WHAT THE TASK REQUIRES -
Reproduce, exactly, the lines of the material below from the line containing "Augenbrauen Piercing: das" through the line containing "by its name.", with both end lines included and nothing else.

ENTRIES SUPPLIED -
▽

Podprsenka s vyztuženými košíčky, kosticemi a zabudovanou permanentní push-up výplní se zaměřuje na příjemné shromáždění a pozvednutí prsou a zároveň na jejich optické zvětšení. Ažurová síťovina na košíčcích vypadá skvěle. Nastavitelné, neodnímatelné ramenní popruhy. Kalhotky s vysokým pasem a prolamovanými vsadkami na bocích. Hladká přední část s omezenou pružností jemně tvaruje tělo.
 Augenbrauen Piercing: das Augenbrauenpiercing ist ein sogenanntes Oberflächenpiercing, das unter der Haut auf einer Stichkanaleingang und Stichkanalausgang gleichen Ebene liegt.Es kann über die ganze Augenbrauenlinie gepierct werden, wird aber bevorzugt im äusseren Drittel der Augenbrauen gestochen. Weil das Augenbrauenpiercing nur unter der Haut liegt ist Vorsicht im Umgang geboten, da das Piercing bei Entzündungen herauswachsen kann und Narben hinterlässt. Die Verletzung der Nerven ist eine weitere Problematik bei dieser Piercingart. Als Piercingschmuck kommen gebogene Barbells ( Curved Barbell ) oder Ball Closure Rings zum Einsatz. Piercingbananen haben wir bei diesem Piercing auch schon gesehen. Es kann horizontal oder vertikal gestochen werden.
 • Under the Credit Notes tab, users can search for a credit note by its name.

△
▽

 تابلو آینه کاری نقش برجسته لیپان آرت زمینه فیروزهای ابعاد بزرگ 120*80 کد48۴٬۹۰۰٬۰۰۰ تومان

△

SOLUTION TO THE PROBLEM -
 Augenbrauen Piercing: das Augenbrauenpiercing ist ein sogenanntes Oberflächenpiercing, das unter der Haut auf einer Stichkanaleingang und Stichkanalausgang gleichen Ebene liegt.Es kann über die ganze Augenbrauenlinie gepierct werden, wird aber bevorzugt im äusseren Drittel der Augenbrauen gestochen. Weil das Augenbrauenpiercing nur unter der Haut liegt ist Vorsicht im Umgang geboten, da das Piercing bei Entzündungen herauswachsen kann und Narben hinterlässt. Die Verletzung der Nerven ist eine weitere Problematik bei dieser Piercingart. Als Piercingschmuck kommen gebogene Barbells ( Curved Barbell ) oder Ball Closure Rings zum Einsatz. Piercingbananen haben wir bei diesem Piercing auch schon gesehen. Es kann horizontal oder vertikal gestochen werden.
 • Under the Credit Notes tab, users can search for a credit note by its name.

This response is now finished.